AI-powered subtitle generator using Whisper and FFmpeg
Project description
vid2cc-AI 🎙️🎬
vid2cc-AI is a high-performance CLI tool designed to bridge the gap between raw video and accessible content. By leveraging OpenAI's Whisper models and FFmpeg's robust media handling, it automates the creation of perfectly synced .srt subtitles.
Table of contents
- 🚀 Key Features
- ⚙️ Installation
- 📖 How To Use
- ☁️ Run on Google Colab (with UI)
- 🧪 Testing
- 🗺️ Roadmap
- 🛠️ Tech Stack
- 📄 License
🚀 Key Features
- AI-Driven Transcription: Powered by OpenAI Whisper for industry-leading accuracy.
- Hardware Acceleration: Automatic CUDA detection for GPU-accelerated processing.
- Intelligent Pre-processing: FFmpeg-based audio extraction optimized for speech recognition (16kHz Mono).
- Professional Packaging: Fully installable via pip with a dedicated command-line entry point.
⚙️ Installation
1. Prerequisite: FFmpeg
This tool requires FFmpeg to be installed on your system.
For a complete step-by-step guide on how to install FFmpeg on Windows (Winget/Choco), macOS (Homebrew), or Linux (Apt/Dnf/Pacman), please refer to the dedicated guide:
2. Install vid2cc-AI
pip install vid2cc-ai
*Install directly from the source for development:
git clone https://github.com/0xdilshan/vid2cc-AI.git
cd vid2cc-AI
pip install -e .
📖 How To Use
Once installed, the vid2cc command is available globally in your terminal.
Examples
For maximum accuracy with toggleable subs:
vid2cc example.mp4 --model large --embed
🛠️ Advanced Options
Fine-tune your output using the following flags:
| Flag | Description |
|---|---|
--model [size] |
Choose Whisper model: tiny, base, small, medium, large or turbo. |
--embed |
Soft Subtitles: Adds the SRT as a metadata track. Fast and allows users to toggle subtitles on/off in players like VLC. |
--hardcode |
Burn-in Subtitles: Permanently draws subtitles onto the video. Essential for social media (Instagram/TikTok) where players don't support SRT files. |
--output-dir or -o |
Set Output Directory: Create the destination directory if it doesn't exist and ensure all generated files (SRT, audio, and video) are saved there. |
--translate or -t |
Translate to English: Automatically translate any supported language transcription to English |
📦 Batch Processing
No need to run the command for every single file. You can pass multiple videos at once:
# Process all mp4 files in the current directory
vid2cc *.mp4 --model small --embed
# Process multiple specific files
vid2cc video1.mp4 video2.mkv video3.mov --model base --embed
📦 Usage as a Library
You can integrate vid2cc-AI directly into your Python projects:
from vid2cc_ai import Transcriber, extract_audio
# Extract and Transcribe
extract_audio("video.mp4", "audio.wav")
ts = Transcriber("base")
segments = ts.transcribe("audio.wav")
for s in segments:
print(f"[{s['start']:.2f}s] {s['text']}")

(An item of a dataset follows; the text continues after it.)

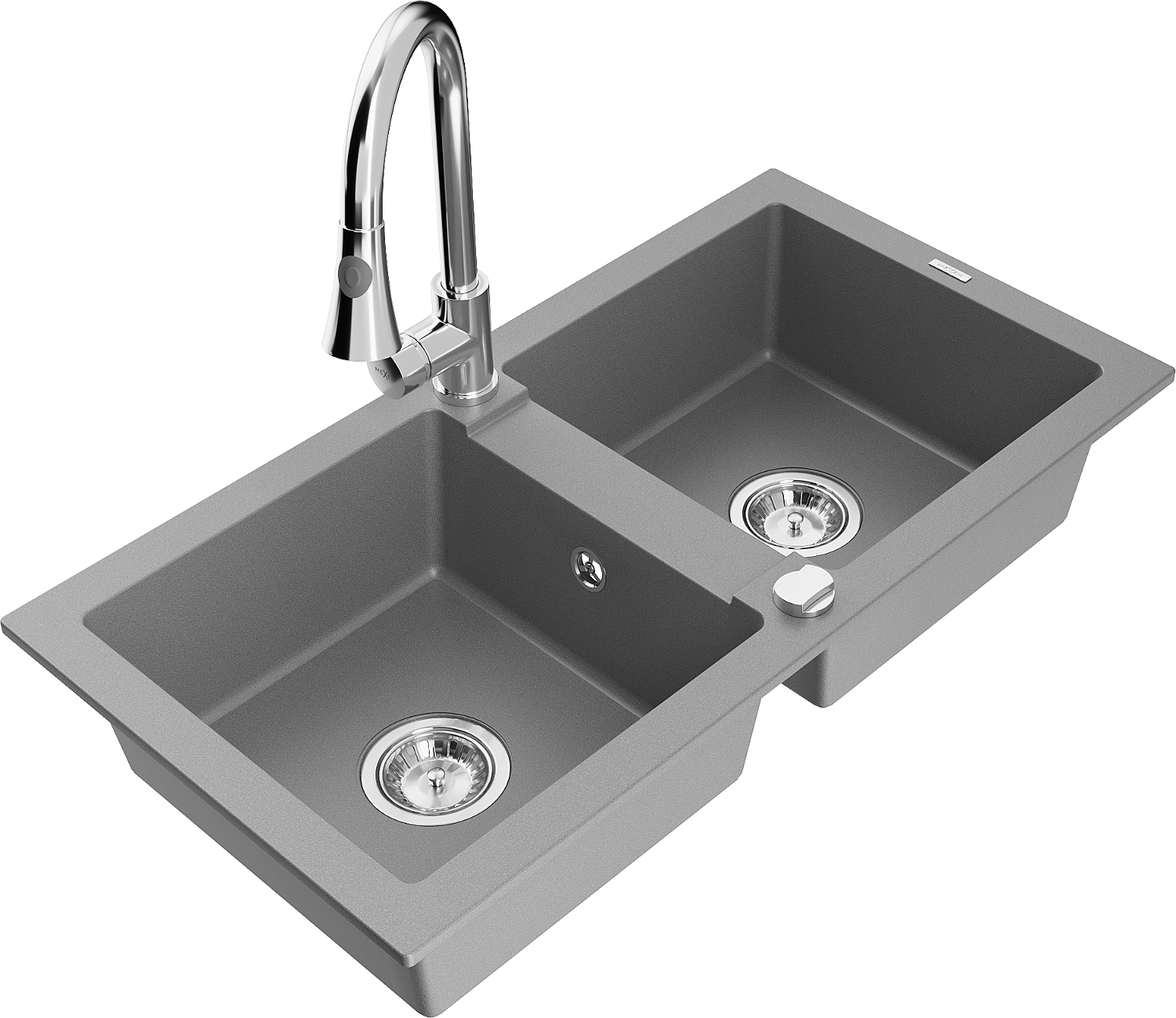 Mexen Mario granitový kuchynský drez dvojkomorový s kuchynskou batériou Elia, sivý - 6504-71-670101-00

Run on Google Colab (with UI)
You can run vid2cc-ai directly in your browser using Google Colab. This version includes a friendly interface to manage your Google Drive files and transcription settings without writing code.
-
Install & Mount: Run the first cell to install
vid2cc-aiand connect your Google Drive. -
Configure UI: * Video Path: Right-click your video in the Colab file sidebar and select "Copy Path."
- Model: Choose
turboorsmallfor speed, large for accuracy. - Output: Select if you want Soft Subtitles (toggleable) or Hardcoded (burned-in).
- Model: Choose
-
Start: Click "Start Processing" and find your result in your Drive folder.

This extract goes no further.